§ TASK TO CARRY OUT: Each entry must be given again exactly as it appears, with images excluded.

§ INPUT DATA:
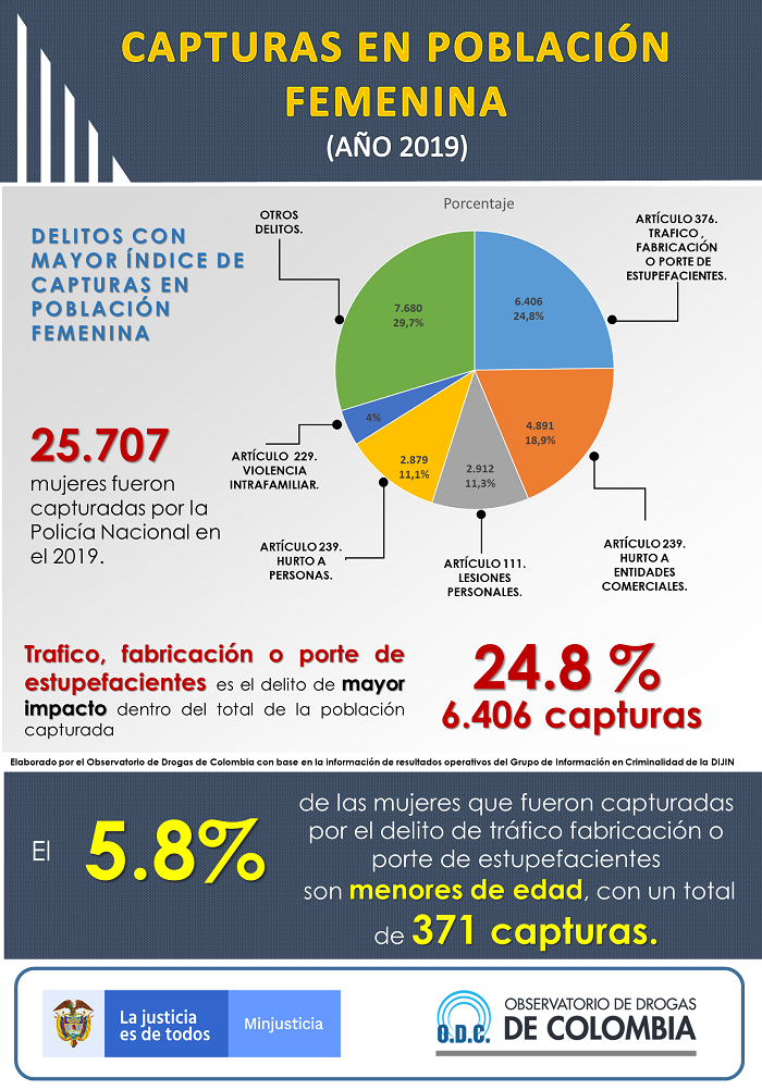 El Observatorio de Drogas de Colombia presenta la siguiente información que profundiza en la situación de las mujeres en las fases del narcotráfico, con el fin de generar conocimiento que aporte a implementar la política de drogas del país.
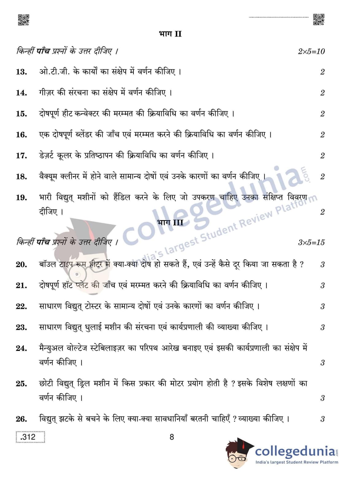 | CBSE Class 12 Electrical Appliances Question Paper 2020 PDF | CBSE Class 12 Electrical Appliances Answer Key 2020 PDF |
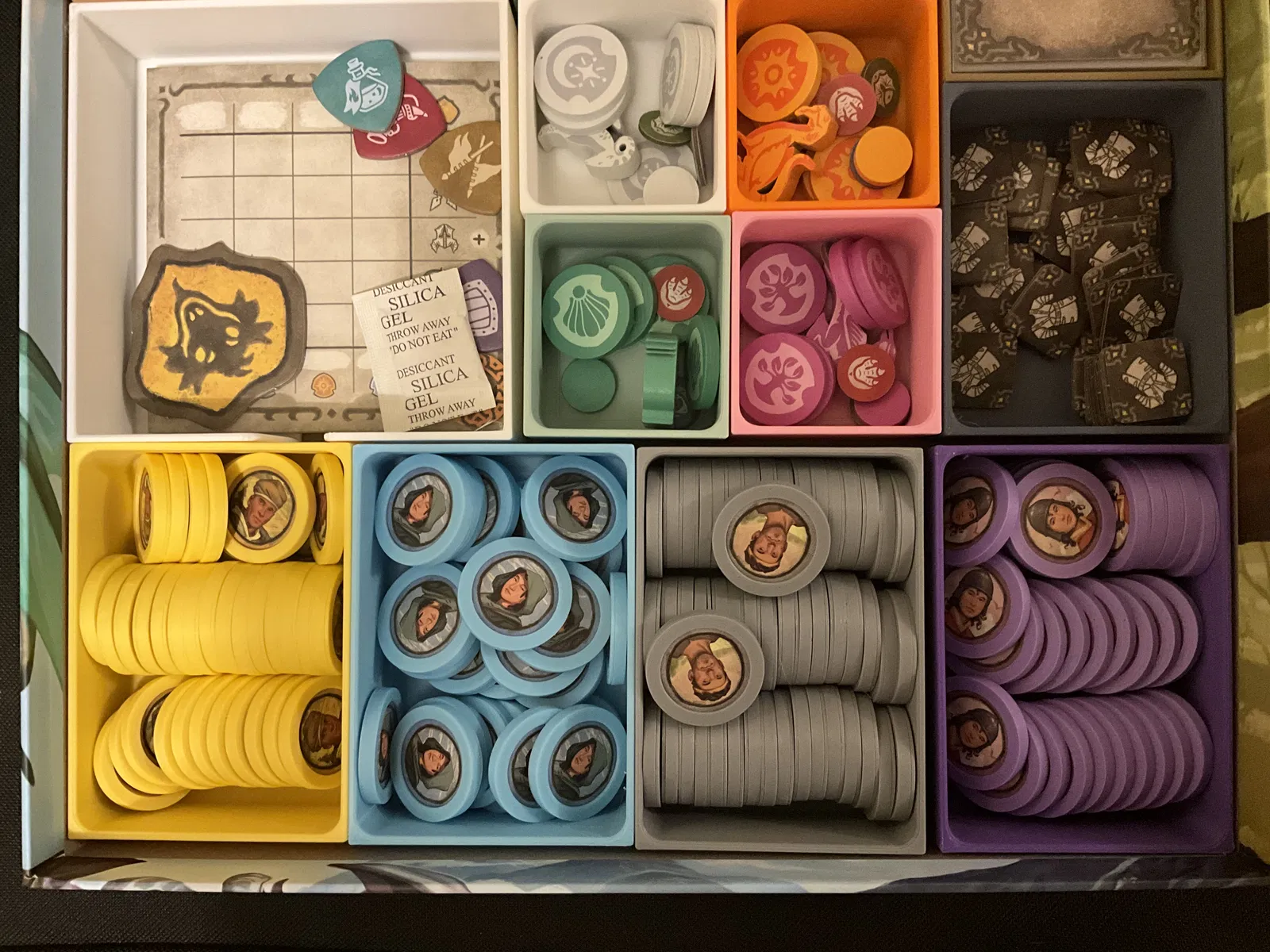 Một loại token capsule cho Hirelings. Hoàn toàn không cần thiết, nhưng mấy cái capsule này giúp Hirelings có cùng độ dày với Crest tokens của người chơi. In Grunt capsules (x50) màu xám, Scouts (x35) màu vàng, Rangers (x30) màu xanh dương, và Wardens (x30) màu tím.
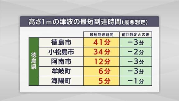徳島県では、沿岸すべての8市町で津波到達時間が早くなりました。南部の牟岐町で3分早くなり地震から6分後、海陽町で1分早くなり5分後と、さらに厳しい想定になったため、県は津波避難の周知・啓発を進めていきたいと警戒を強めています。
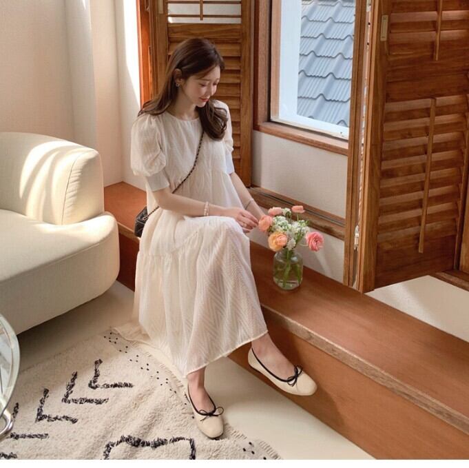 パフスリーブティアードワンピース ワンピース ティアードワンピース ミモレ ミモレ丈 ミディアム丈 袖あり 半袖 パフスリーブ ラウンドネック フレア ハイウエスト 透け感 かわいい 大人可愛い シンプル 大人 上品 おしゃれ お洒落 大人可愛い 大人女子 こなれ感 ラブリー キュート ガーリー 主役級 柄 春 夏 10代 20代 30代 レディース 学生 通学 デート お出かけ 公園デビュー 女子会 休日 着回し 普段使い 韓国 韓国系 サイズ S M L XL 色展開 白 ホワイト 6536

§ SOLUTION:
 El Observatorio de Drogas de Colombia presenta la siguiente información que profundiza en la situación de las mujeres en las fases del narcotráfico, con el fin de generar conocimiento que aporte a implementar la política de drogas del país.
 | CBSE Class 12 Electrical Appliances Question Paper 2020 PDF | CBSE Class 12 Electrical Appliances Answer Key 2020 PDF |
 Một loại token capsule cho Hirelings. Hoàn toàn không cần thiết, nhưng mấy cái capsule này giúp Hirelings có cùng độ dày với Crest tokens của người chơi. In Grunt capsules (x50) màu xám, Scouts (x35) màu vàng, Rangers (x30) màu xanh dương, và Wardens (x30) màu tím.
徳島県では、沿岸すべての8市町で津波到達時間が早くなりました。南部の牟岐町で3分早くなり地震から6分後、海陽町で1分早くなり5分後と、さらに厳しい想定になったため、県は津波避難の周知・啓発を進めていきたいと警戒を強めています。
 パフスリーブティアードワンピース ワンピース ティアードワンピース ミモレ ミモレ丈 ミディアム丈 袖あり 半袖 パフスリーブ ラウンドネック フレア ハイウエスト 透け感 かわいい 大人可愛い シンプル 大人 上品 おしゃれ お洒落 大人可愛い 大人女子 こなれ感 ラブリー キュート ガーリー 主役級 柄 春 夏 10代 20代 30代 レディース 学生 通学 デート お出かけ 公園デビュー 女子会 休日 着回し 普段使い 韓国 韓国系 サイズ S M L XL 色展開 白 ホワイト 6536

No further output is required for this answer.